Cellranger multi supports Fixed RNA Profiling since version 7.0.0.

Sample Sheet
  1. Reference column.

    Prebuilt scRNA-seq references for FRP data processing are summarized below.

    Keyword Description
    GRCh38-2020-A Human GRCh38 (GENCODE v32/Ensembl 98)
  2. DataType column.

    Set frp for RNA-Seq modalities of your FRP samples. For other modalities (e.g. citeseq or antibody), set to their corresponding data types.

  3. ProbeSet column.

    Preset probe set references for FRP samples:

    Keyword Description
    FRP_human_probe_v1.0.1 FRP probe set v1.0.1 for human. Only work with Cell Ranger v7.1+.
    FRP_mouse_probe_v1.0.1 FRP probe set v1.0.1 for mouse. Only work with Cell Ranger v7.1+.
    FRP_human_probe_v1 FRP probe set v1.0 for human. Work with Cell Ranger v7.0+.
    FRP_mouse_probe_v1 FRP probe set v1.0 for mouse. Work with Cell Ranger v7.0+.

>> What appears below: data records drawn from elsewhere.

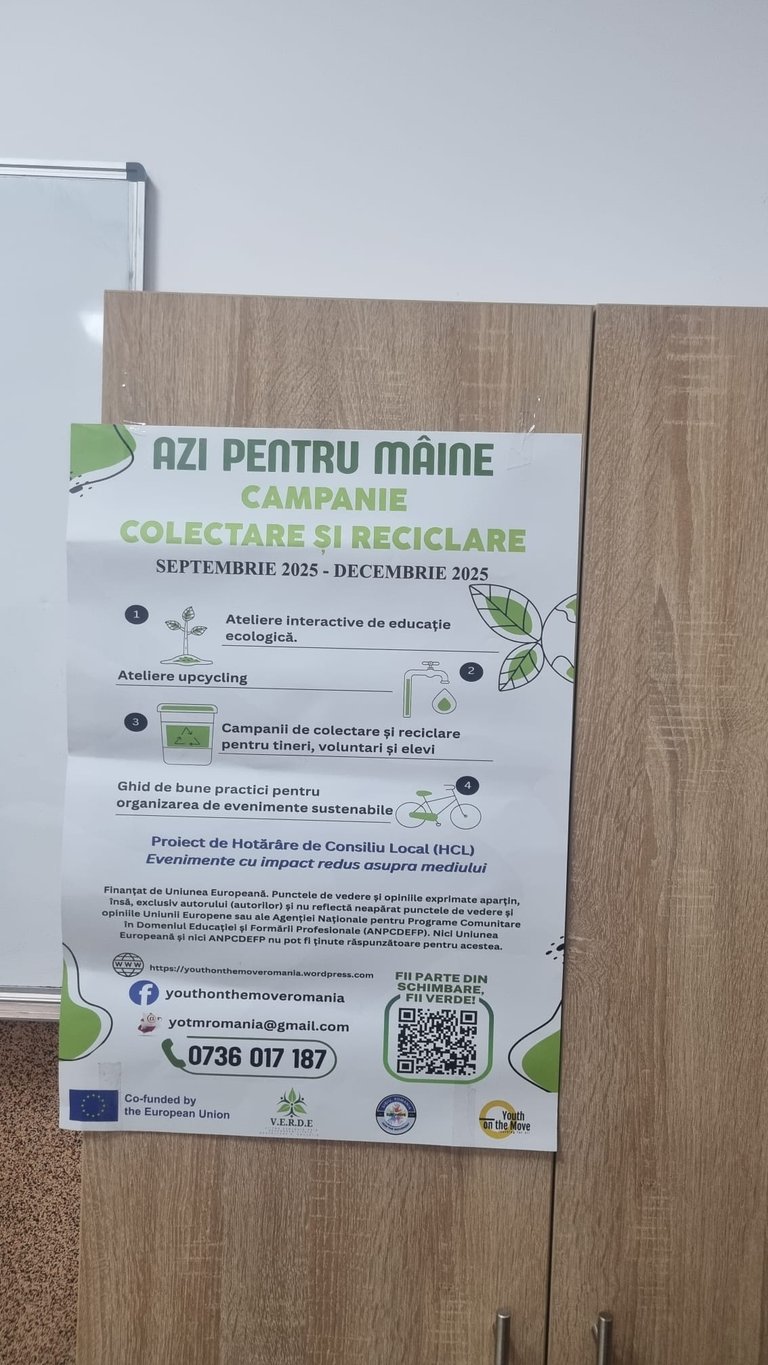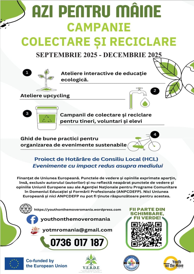 Asociația „Youth on the Move”, în parteneriat cu Asociația EUROMOVE NGO, desfășoară campaniile de colectare separată și reciclare în liceele partenere în cadrul proiectului V.E.R.D.E – Viitor Ecologic prin Responsabilitate, Dezvoltare și Educație, în perioada septembrie 2025 – decembrie 2025.
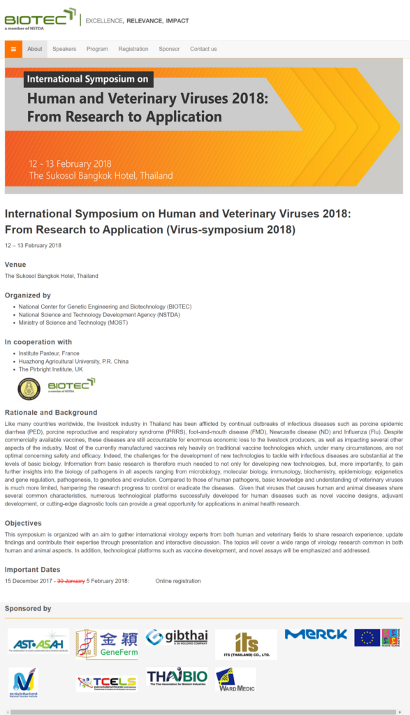Timeline จดหมายเหตุ สวทช. 12/02/2018เว็บไซต์ International Symposium on Human and Veterinary Viruses 2018: From Research to Application08/02/2018นักวิจัยเอ็มเทค รับเหรียญรางวัล RONPAKU จาก Japan Society for the Promotion of Science (JSPS)07/02/2018นักวิจัยนาโนเทค สวทช. เข้ารับพระราชทานโล่รางวัลสมาคมเคมีแห่งประเทศไทย ประจำปี 2560 จากศาสตราจารย์ ดร. สมเด็จพระเจ้าลูกเธอ เจ้าฟ้าจุฬาภรณวลัยลักษณ์ อัครราชกุมารี02/02/2018นักวิจัยนาโนเทค คว้ารางวัลระดับดี สาขาวิทยาศาสตร์การแพทย์ ในงานวันนักประดิษฐ์ ประจำปี 2561 (Thailand Inventors’ Day 2018)02/02/2018นักวิจัยเนคเทค คว้ารางวัลสภาวิจัยแห่งชาติ ประจำปี 2560 ระดีบดีเด่น และ ระดับดีมาก02/02/2018นักวิจัยไบโอเทคคว้ารางวัลสภาวิจัยแห่งชาติ ประจำปี 2560-6102/02/2018ผลงานสิ่งประดิษฐ์ นักเรียนทุน สวทช. คว้ารางวัลประดิษฐ์คิดค้น สาขาสิ่งประดิษฐ์เพื่อพลังงาน ทรัพยากร และสิ่งแวดล้อม ในงานวันนักประดิษฐ์ ปี 256101/02/2018รายงานประจำปี 2561 สำนักงานพัฒนาวิทยาศาสตร์และเทคโนโลยีแห่งชาติ01/02/2018NSTDA Style ฉบับกุมภาพันธ์ 256122/01/2018คู่มือบริหารความเสี่ยงของ สวทช. ปี 2561More
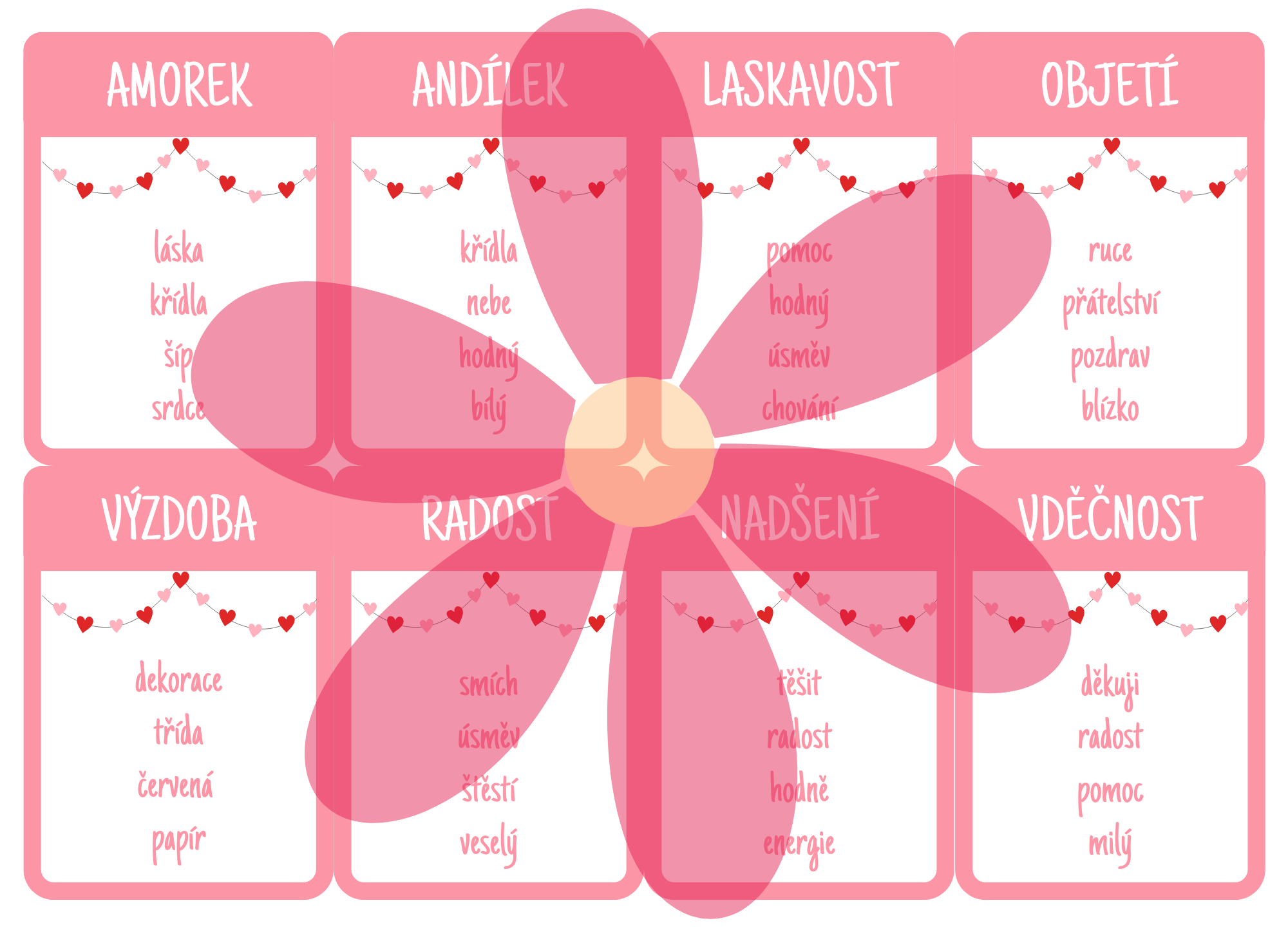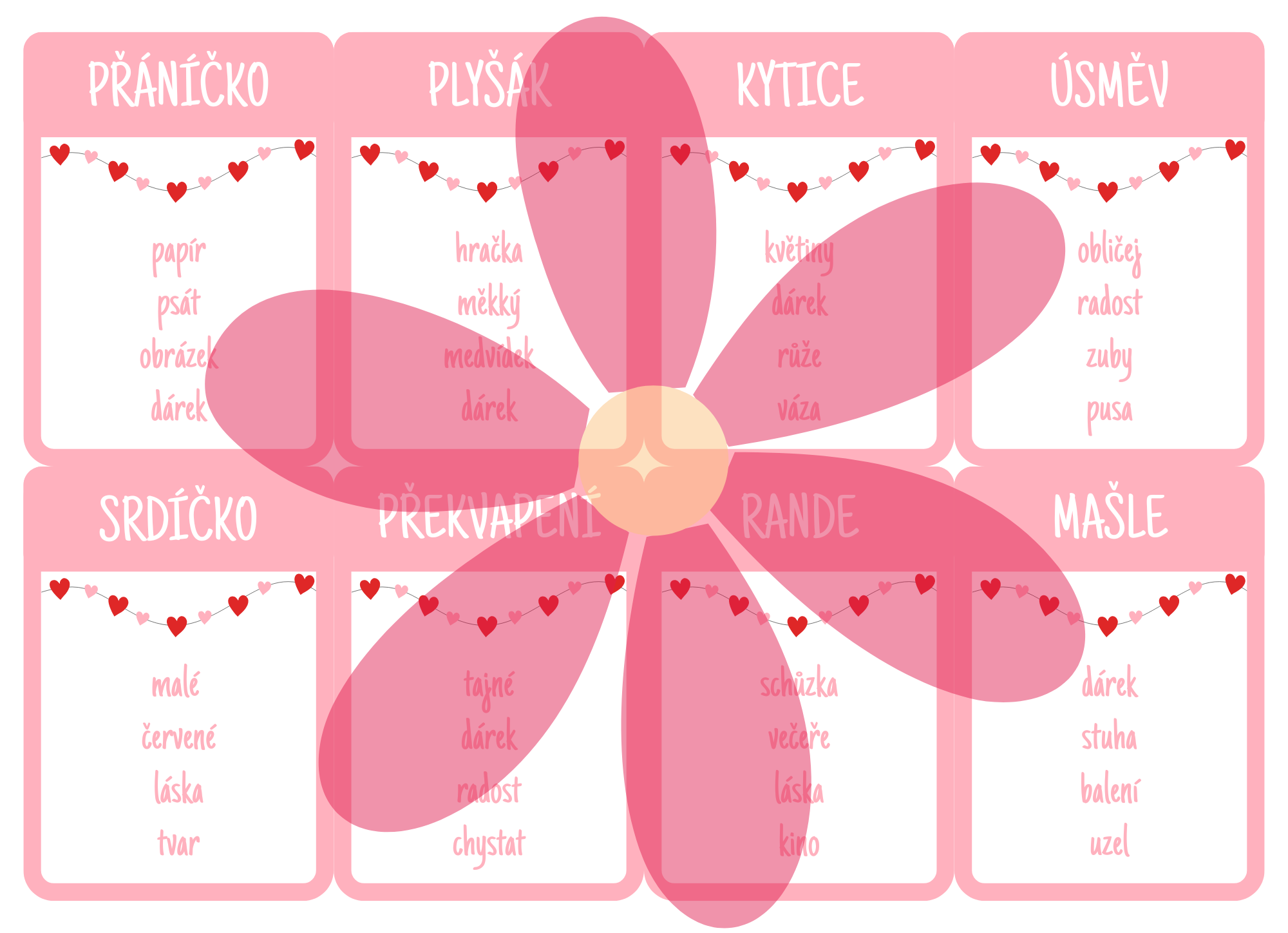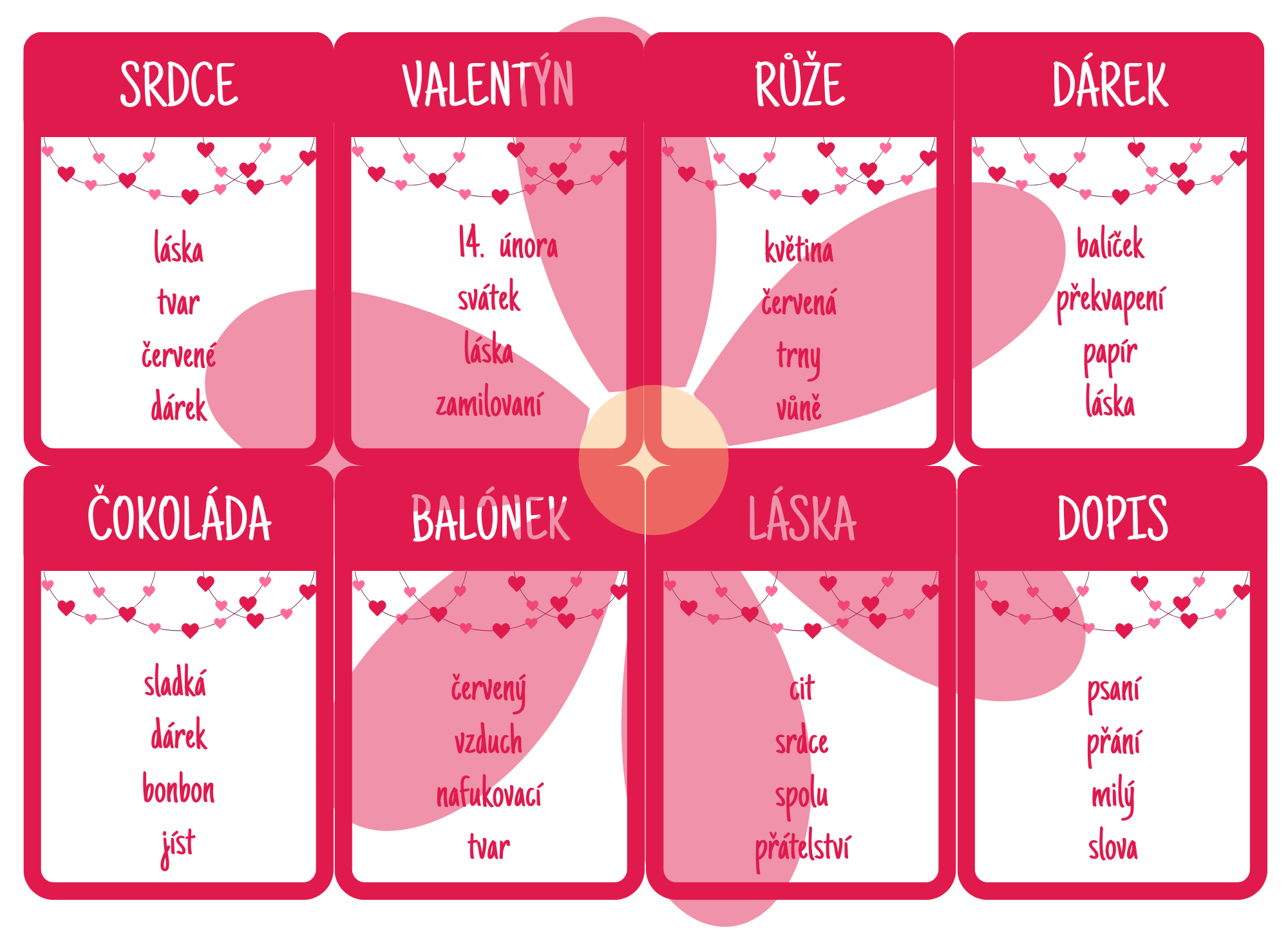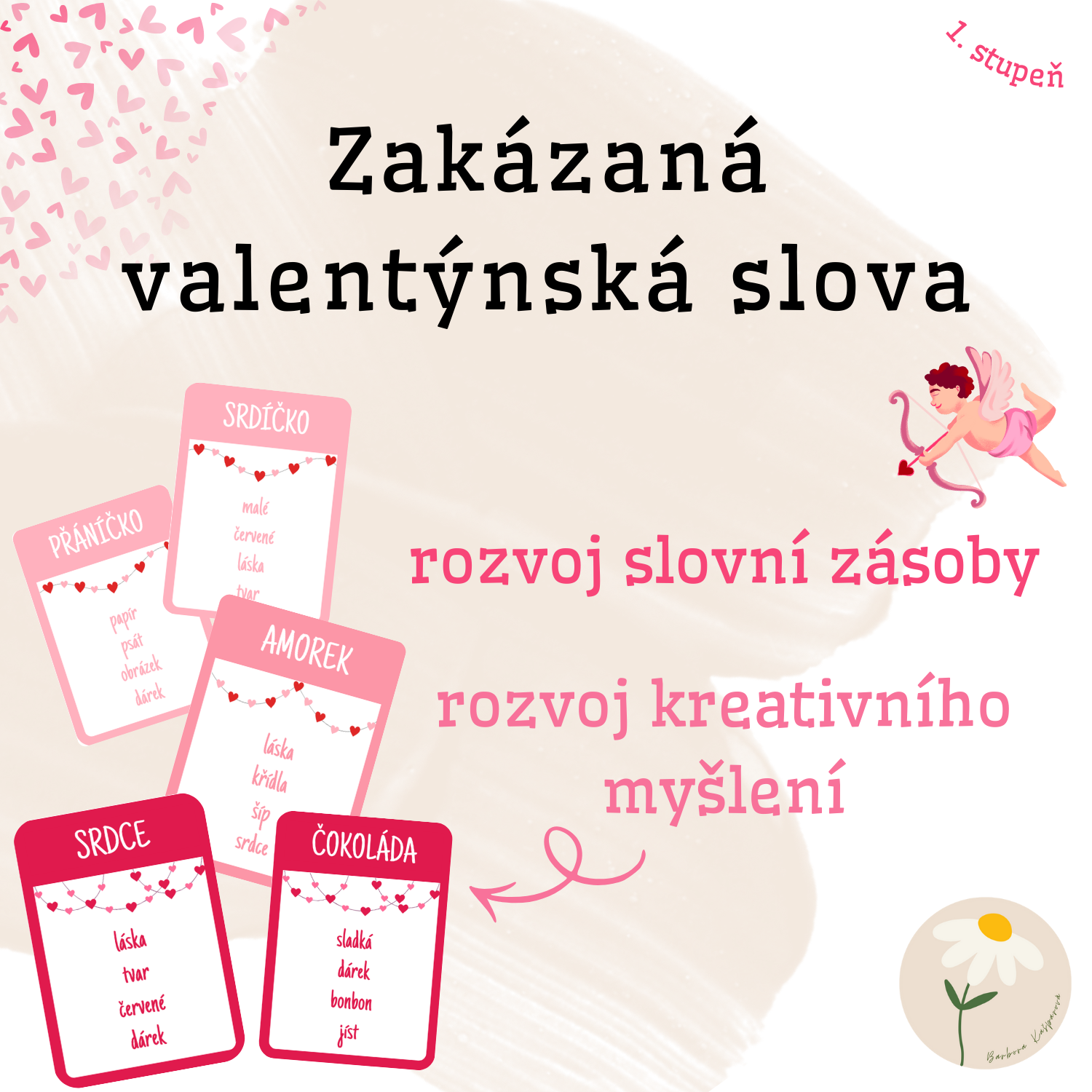 Tento materiál je určen pro žáky 1. stupně základní školy. Prostřednictvím zábavné slovní hry se děti učí popisovat pojmy, vyjadřovat myšlenky a rozšiřovat slovní zásobu, aniž by použily vybraná „zakázaná slova“. Témata jsou laděna do valentýnské a přátelské atmosféry a zahrnují pojmy z oblasti vztahů, emocí, drobných dárků a projevů laskavosti.
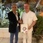 La Delegazione di Ragusa si è riunita presso il ristorante "Le Gramole" per una piacevole serata accademica alla presenza di numerosi ospiti. Foto 1. Il Delegato Vittorio Sartorio (a destra) con il Consultore Francesco Milazzo (gà Delegato di Ragusa). Nelle foto 2-3. Panoramica del tavolo imperiale. Foto 4. Il Delegato Vittorio Sartorio consegna la vetrofania allo chef Fabio Ulcano, autore di una cena veramente degna di nota.
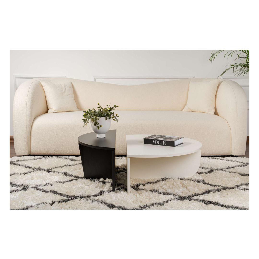 Lisa oma koju luksuse puudutus meie kauni disainiga kohvilaudaga. Puitvalge ja puitmust värvikombinatsioon loob šiki ja kaasaegse ilme, mis jätab sinu külalised muljet ja paneb nad imetlema. Must ääristamine lisab kontrasti ja rafineeritust, muutes selle mööblieseme tõeliseks silmapaistvaks detailiks igas ruumis.
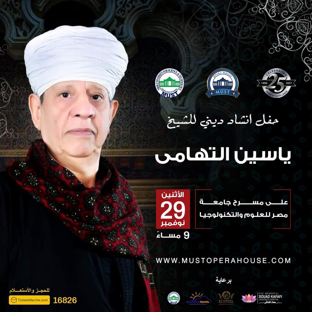 ويأتي حفل الشيخ ياسين التهامي على مسرح جامعة مصر للعلوم فى إطار الدور التنويري لجامعة مصر للعلوم والتكنولوجيا، حيث يعمل عميد المنشدين على خلق حالة من السمو الوجداني لترتقي المشاعر إلى عنان السماء، خلال انشاده أبيات الأشعار الصوفية والتراثية وقصائد المديح النبوي والابتهالات، والتي دائما ما يتفاعل معها الحضور.
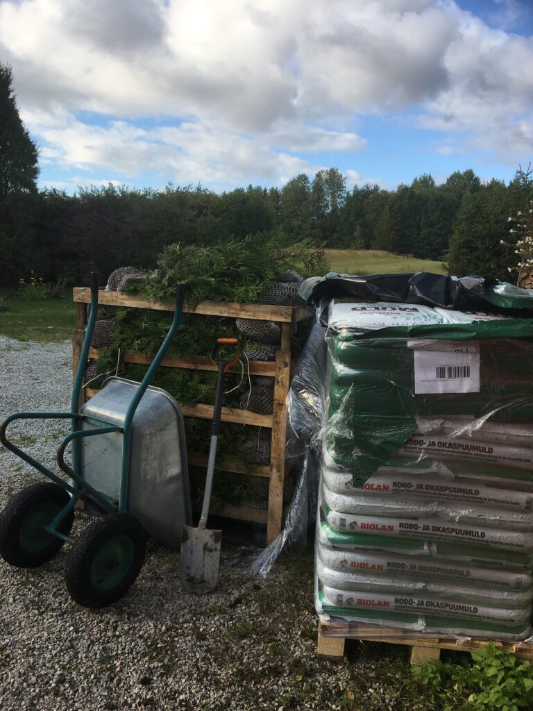 Jag beställde också över hundra tujor (100 Brabant och 8 Smaragd sorter) från Hortese och planterade dem bredvid staketet som ersättning för de syrener som röjdes bort. Fy, vad den där trädgården sväljer plantor! Enbart tujaplantor har jag redan köpt över 400 för trädgården. Jag beställde också lite mull (både tipplass och i säckar med mull för rhododendron och barrträd) och grus från Isekallur.ee.
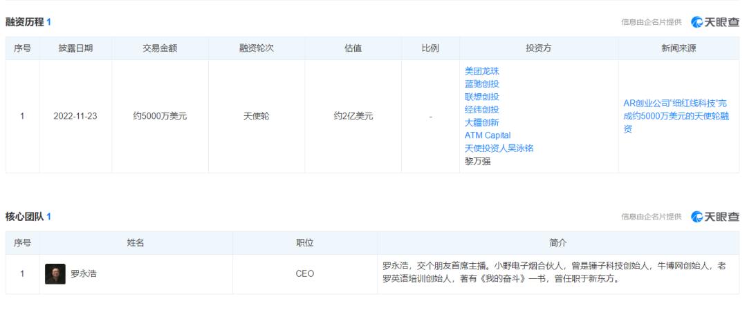 之后,罗永浩开始到处扩大融资规模。“天眼查”显示,2022年11月,细红线科技宣布完成天使轮融资约5000万美元,投资后估值达到2亿美元。本轮融资由美团龙珠领先,蓝驰风险投资、联想风险投资、经纬风险投资、DJI创新等知名投资机构,以及黎万强、吴泳铭等科技人士纷纷投资。

    If ProbeSet column is not set, use FRP_human_probe_v1.0.1 by default. Custom probe set references are also accepted. Simply put the GS or S3 URI of the custom probe set CSV file for this column.

  4. FeatureBarcodeFile column.

    Provide sample name - Probe Barcode association as follows:

    sample1,BC001|BC002,Control
    sample2,BC003|BC004,Treated
    

    where the third column (i.e. Control and Treated above) is optional, which specifies the description of the samples.

  5. Link column.

    Put a sample unique link name for all modalities that are linked.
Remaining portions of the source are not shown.